11. The method of claim 9, wherein measuring expression of genes controlled by p100 comprises detecting the changes in expression of three or more genes selected from, four or more genes selected from, five or more genes selected from, six or more genes selected from, seven or more genes selected from, eight or more genes selected from, nine or more genes selected from, ten or more genes selected from, eleven or more genes selected from, twelve or more genes selected from, thirteen or more genes selected from, fourteen or more genes selected from, fifteen or more genes selected from, sixteen or more genes selected from, or seventeen or more genes selected from EIF4E, SFRS3, SEH1L, SETMAR, USP1, DNAJC9, BRIX1, CCDC99, FAM29A, MCM10, C12orf48, PBK, MSH2, DHFR, CCNA2, MAD2L1, KIF11, and ECT2.

12. The method of claim 1, further comprising the step of recording a normal, decreased, or increased expression of the genes.

13. The method of claim 12, further comprising the step of reporting the recorded expression to a medical professional, medical institution, or a subject from which the sample was obtained or representative thereof.

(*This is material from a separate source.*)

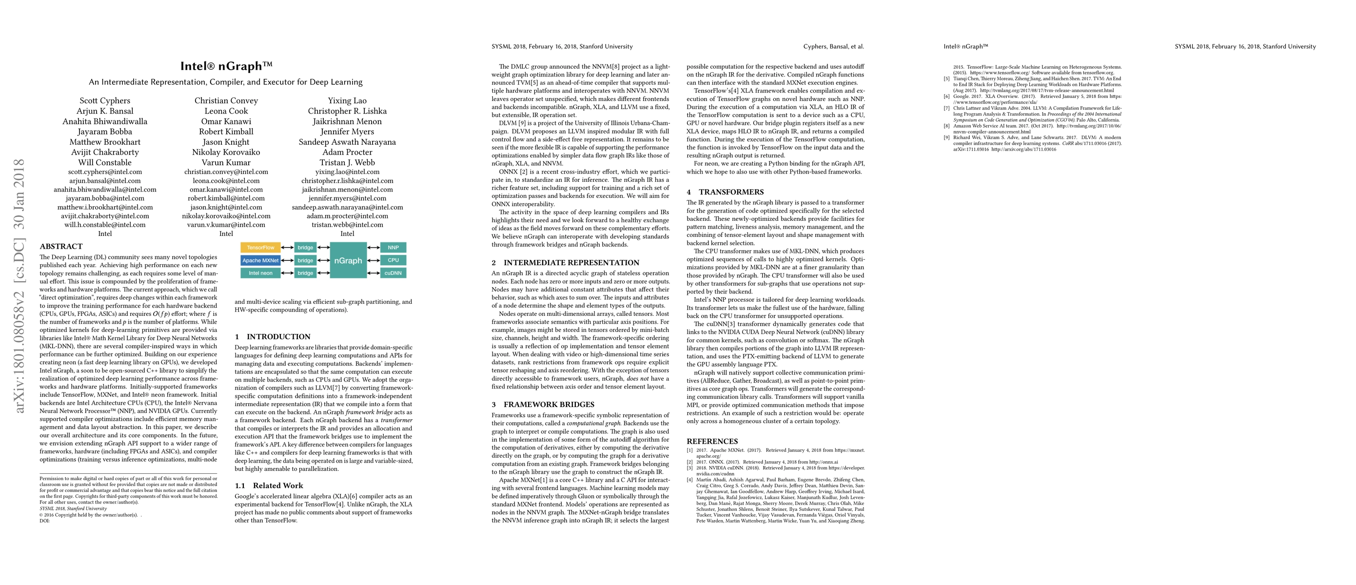 The Deep Learning (DL) community sees many novel topologies published each year. Achieving high performance on each new topology remains challenging, as each requires some level of manual effort. This issue is compounded by the proliferation of frameworks and hardware platforms. The current approach, which we call "direct optimization", requires deep changes within each framework to improve the training performance for each hardware backend (CPUs, GPUs, FPGAs, ASICs) and requires $\mathcal{O}(fp)$ effort; where $f$ is the number of frameworks and $p$ is the number of platforms. While optimized kernels for deep-learning primitives are provided via libraries like Intel Math Kernel Library for Deep Neural Networks (MKL-DNN), there are several compiler-inspired ways in which performance can be further optimized. Building on our experience creating neon (a fast deep learning library on GPUs), we developed Intel nGraph, a soon to be open-sourced C++ library to simplify the realization of optimized deep learning performance across frameworks and hardware platforms. Initially-supported frameworks include TensorFlow, MXNet, and Intel neon framework. Initial backends are Intel Architecture CPUs (CPU), the Intel(R) Nervana Neural Network Processor(R) (NNP), and NVIDIA GPUs. Currently supported compiler optimizations include efficient memory management and data layout abstraction. In this paper, we describe our overall architecture and its core components. In the future, we envision extending nGraph API support to a wider range of frameworks, hardware (including FPGAs and ASICs), and compiler optimizations (training versus inference optimizations, multi-node and multi-device scaling via efficient sub-graph partitioning, and HW-specific compounding of operations).

14. The method of claim 1, further comprising the step of administering antibody against CD20 in the event that the detected p105 controlled gene expression pattern indicates a canonical NF-κB activation pattern.

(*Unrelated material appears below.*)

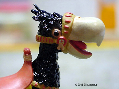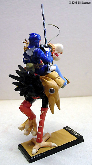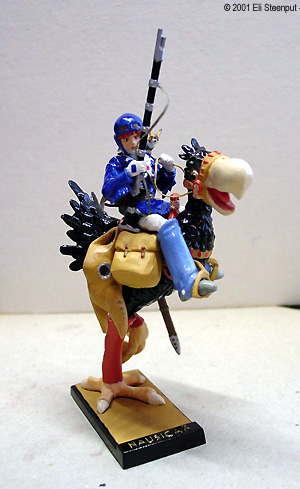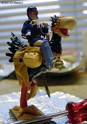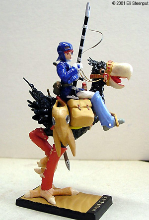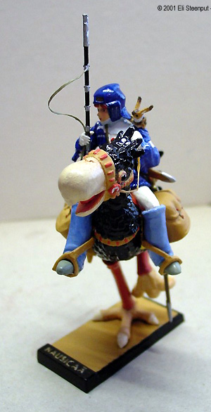 The Kit The model seems to be mostly based on this watercolor painting, with a number of modifications. The painting shows Nausicaä in a situation that does not actually occur in the story. The sculptor seems to have taken the pose and modified it to fit Nausicaä as she would appear between her joining the Tolmekian army and the battle of Sapata. In the model, unlike on the watercolor, she is wearing her modified Dork dress. I think the sculptor did a very good job converting a drawing into a model with a quite exciting pose. Note that in the drawing, Nausicaä's head seems twisted a bit too far for comfort, and Kai is missing a toe on his left paw! The only downside to the pose seems to be that that gun is in front of her face for most interesting viewing angles. The box claims the model is 1/20, but how they arrived at that is a big mystery. The finished model is about 11 cm from the 'ground' to the top of Nausicaä's head, so 1/1 would be (brief fantasy of a 1/1 scale version in the front yard) 220 cm with Nausicaä herself about 1m30, which seems a little on the small side. The model seems fairly accurate, about as accurate as you can get to a manga character - unfortunately, Miyazaki is not always consistent in his drawings, and usually not in his use of colors. Construction The kit has 36 plastic parts on 2 sprue trees. The instructions are completely in Japanese but construction is relatively straightforward. The box art choice seems unfortunate, as it shows a very atypical color scheme for Nausicaä. There are two *very* small tiny photographs of a finished model on the side of the cover. I suppose the (Japanese) instruction refers to the box art for color selection, but I had my own ideas on the colors anyway. The parts on my kit had fairly large amounts of flash, but most of it is relatively easy to remove. Most seams or sprue connections are in easy to smooth locations, and as the kit represents living matter it is fairly forgiving. The sword as shown in the instructions has an inaccurate (too short) handle. You will have to sculpt part of the sprue to get the correct handle length. There are supposed to be buttons where the sprue connects to Nausicaä's ankles, so don't be too enthusiastic in smoothing this area. I started with the gas mask and Kai's body. I cut out the eyeholes on the gas mask and glued bits of transparent plastic in place (not easy since the holes are not flat circles). I painted Kai completely before attaching the standing leg, to more easily paint the legs' details. The fit of most parts for Kai is more or less OK except for the feathers on the head and tail, and the toes on the standing leg, which required several layers of liquid cement and filing to hide the seams. Any misalignment is easily camouflaged among his feathers. I wound some dental tape around the saddle horn as all references show something wound around that part. I regret not hollowing out Kai's beak before gluing his head together, as I think it would look a lot more realistic. The saddle blanket is almost completely covered in the finished model so I might have saved myself the trouble of painting it. There are various holes on Kai's body to attach saddle bags and other hardware. Fill them up and forget they were ever there. They will NOT help you. I then started on Nausicaä. The 'visor' part is so ill-fitting that to install it would require lots of sculpting on the head. At this stage I didn't feel like doing so. It should probably be integrated with the head before any painting is started. My biggest mistake was probably to view Nausicaä and Kai as two separate models to build and then combine. Fortunately, I test-fitted Nausicaä on Kai before the glue for her legs was completely dry. It may be smarter to glue her in the saddle before attaching her lower legs. I thought the upper edges of the leggings were way too sharp, so I rounded them with a file. The stirrups will not fit no matter what, so just accept you will have to lengthen them and try to find the best fit for Nausicaä in the saddle without worrying about the stirrups. Also don't pay attention to the indicated location of the saddle bags. Add them in a location that seems natural to you after fitting Nausicaä in the saddle. I was able to twist the left leg to make the left stirrup more or less match, but this made the saddle bag position impossible. The right stirrup had to be extended, for which I cut a bit of toothpick to shape. Note that the bags will cover most detail on Kai's saddle blanket and the back of Nausicaä's leggings. I moved both bags higher than indicated, and the one on the left had to move to the rear. I attached all the bags only after fitting Nausicaä in the saddle, which I think saved me much grief. You could of course decide not to add any bags, gas mask, Teto... Nausicaä on the base will have a tendency to fall over backwards. I glued a 2$CDN piece to the underside of the base, in front, and it seems sufficient. I may add a wood base later when I happen across a suitable bit of wood. Colors I usually mix my own colors, so I cannot give accurate color descriptions. I used Revell paint in gloss black (7), white (4), silver (6), night blue (51), Ferrari red (31) and yellow (12), and matte white (5), ochre (88) and skin color (35). I also used some leftover gold-colored household paint. For Kai's harness, which likely belongs to Yupa, I selected a color scheme of red and earth colors. Kai is shown in most color pictures with either black or blue feathers. I choose to ascribe the blue to the average water color painter's aversion for black. I painted Kai's feathers in gloss black with night blue highlights, and the rest of him in various mixtures of ochre, gloss white, Ferrari red and yellow. Nausicaä herself dresses mostly in white and blue. The Indian-style Dork dress was originally red and knee-length, but after Nausicaä's attempt to rescue a wounded Ohmu, it was colored a very distinctive bl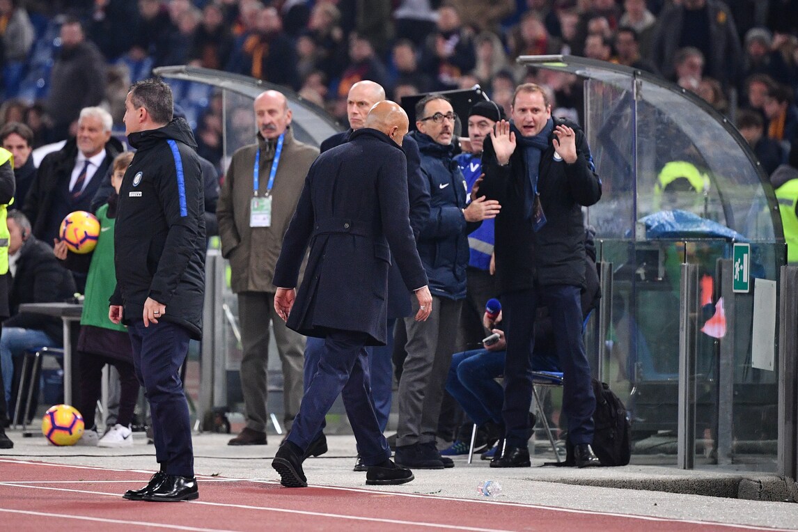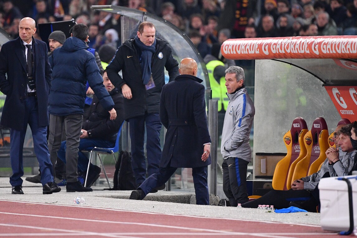 L'allenatore dell'Inter, grande ex della sfida con la Roma, beccato dai tifosi e poi allontanato dall'arbitro Rocchi nel finale per proteste

15. The method of claim 14, wherein the antibody against CD20 is rituximab.

16. The method of claim 14, wherein the antibody against CD20 is administered in combination with another anticancer agent.

17. A device comprising hybridization probes for detecting measuring expression of genes controlled by p105.

18. A device comprising hybridization probes for detecting measuring expression of genes controlled by p100.

19. The device of claim 17, wherein said hybridization probes consist essentially of oligonucleotide sequences for HLA-F, HLA-E, ICAM-1, ZFAND3, LMNA, FAM65A, EXD3, SYNPO, TNS4, NFE2L1, NCOA1, JUNB, RASSF4, C2, PLXND1, DENND3, and PPARD genes.

20. The device of claim 18, wherein said hybridization probes consist essentially of oligonucleotide sequences for EIF4E, SFRS3, SEH1L, SETMAR, USP1, DNAJC9, BRIX1, CCDC99, FAM29A, MCM10, C12orf48, PBK, MSH2, DHFR, CCNA2, MAD2L1, KIF11, and ECT2 genes.

21. A kit comprising the devices of claim 17.

22. The kit of claim 21, further comprising solutions for nucleic acid isolation, reverse-transcription, amplification, labeling, hybridization and washing to remove unhybridized material.